After several weeks of discussions, negotiations and additional discovery requests, a meeting occurred between the forensic accountant for Oak, Mr. Jones and his attorney, as well as Mr. Smith, his attorney and a forensic accountant that they had retained to try to dispute the findings of Oaks forensic accounting firm. At that meeting, after all the discussion between the two forensic accountants ensued, it was effectively was agreed by Acorn’s forensic accounting firm that Oaks forensic accountants’ findings were accurate, certainly to within any reasonable degree of certainty. The attorneys went off into another room and came back with the suggestion that the deal be “unwound”, that Oak and Acorn each go their separate way, that Acorn return to Oak all of funds that had been paid on account of the purchase plus an additional amount to make recompense to Oak for their out of pocket costs in putting the deal together as well as in undertaking the forensic accounting.
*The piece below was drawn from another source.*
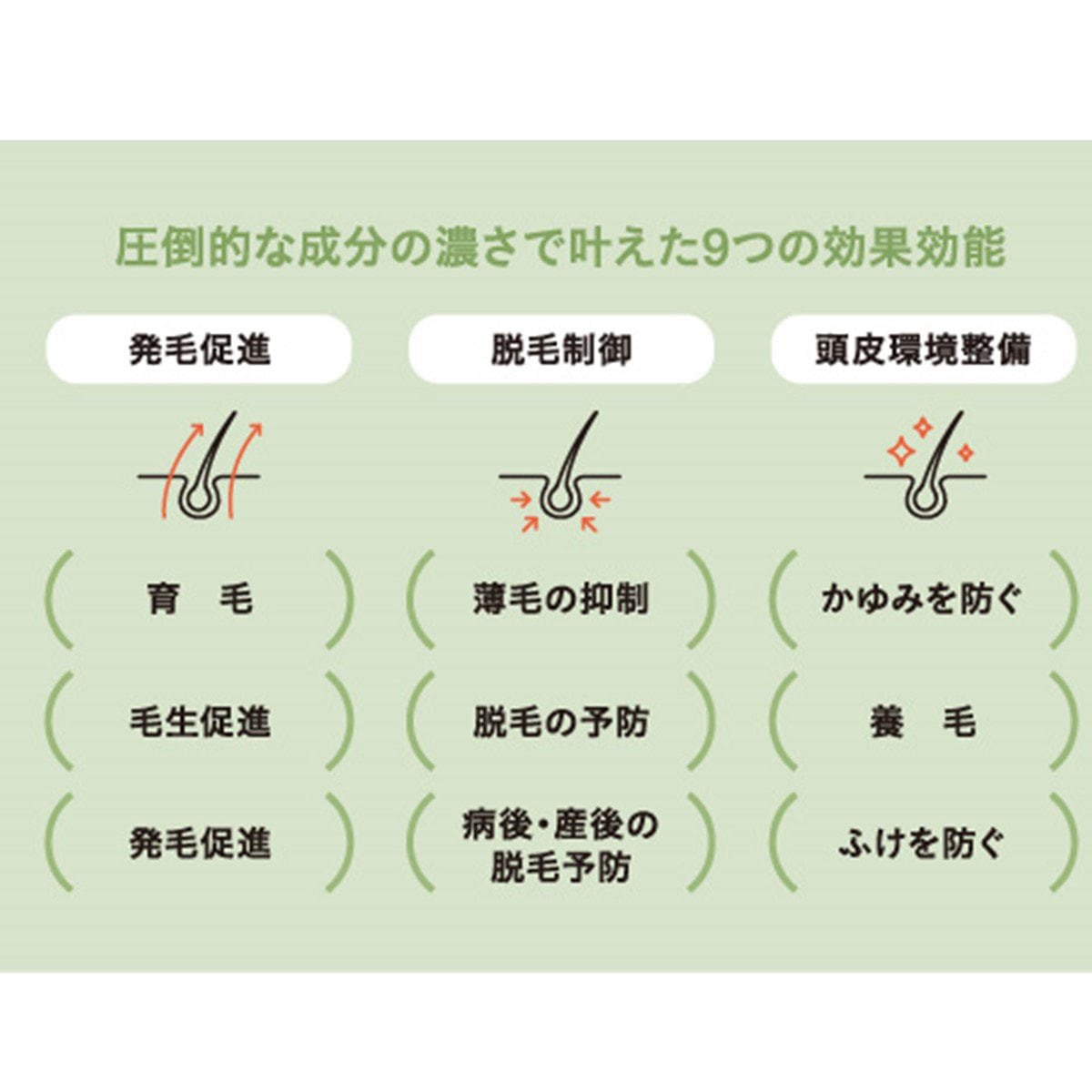 育毛剤によくあるスッとした爽快感を生む成分や香料などを一切カットし、有効成分の濃度をギリギリまで高めています。
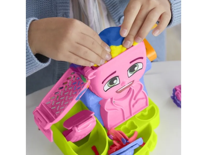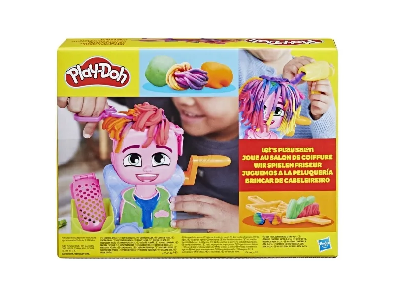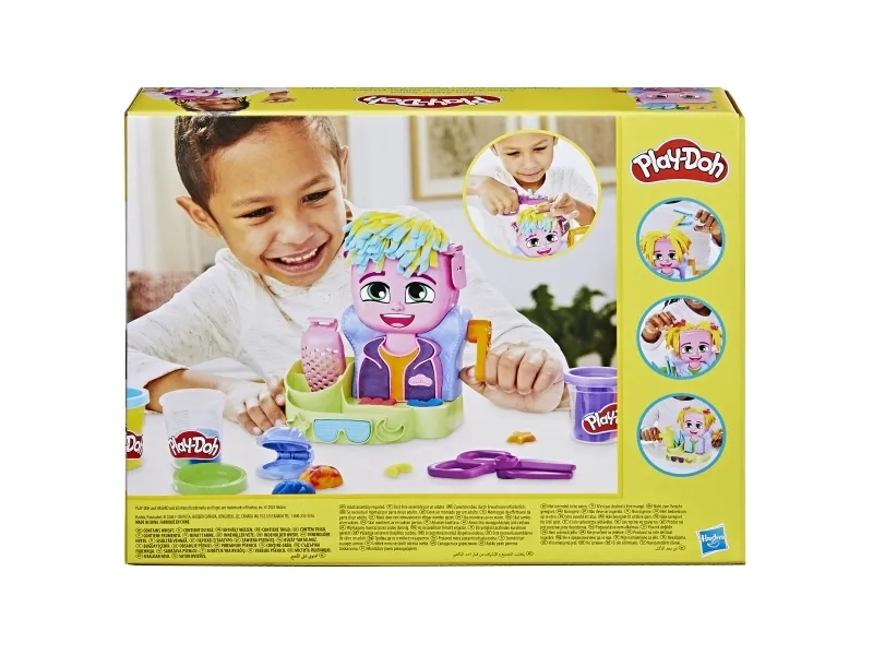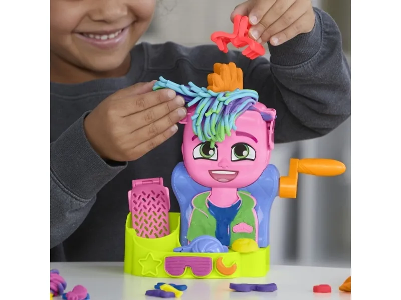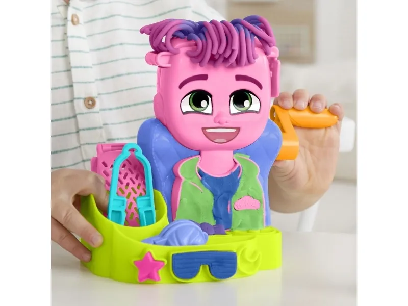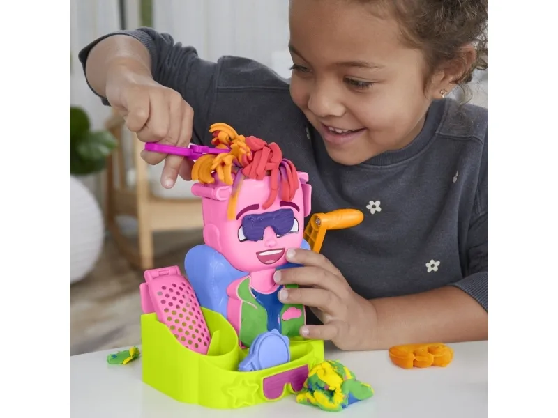 PD Wilder Friseur Hair Styling Salon Bunte Knethaare wachsen lassen, schneiden <(>&<)> stylen - wer kreiiert die wildeste Friseur? Der größte Frisierkopf von Play-Doh -für noch größeren Spielspaß! Mit der verbesserten Mechanik wachsen die Knethaare kinderleicht. Ob Locken oder glatte Haare- beides kann in bunten Farben geknetet werden. Die zweifarbige Knete sorgt für extra viel Farbe in der Friseur. Mit vielen tollen Stylingtools und Accessoires.

Acorn went on to attempt to sue their accounting firm, which suit ended up being deemed without merit. 

The lessons of this case gone awry, are primarily those with regard to due diligence. At the time of the deal being contemplated, on the purchase or merger business entities, it is imperative that a full amount of due diligence be performed by competent accountants and lawyers to assist their clients in understanding the legal, financial, economic, and tax repercussions of the deal. In addition, on the part of the sellers, it is always important to understand what the representations and warranties entail and whether or not they can properly be agreed to. The buyer will always want representations of warranties that cover essentially every item on which they relied.  The sellers will always want to limit the representations and warranties to those items that they actually know about and/or have control over. Sufficient time must be provided for to allow the due diligence process to go forward on a timely basis, for the findings to be reported and understood, and in some cases discussed, and any additional changes to the documents made. The frequent request to keep the due diligence costs down below those that may be required, together with the time pressures to “get a deal done” will often put legal counsel and forensic accountants in a position of great difficulty in properly advising their clients.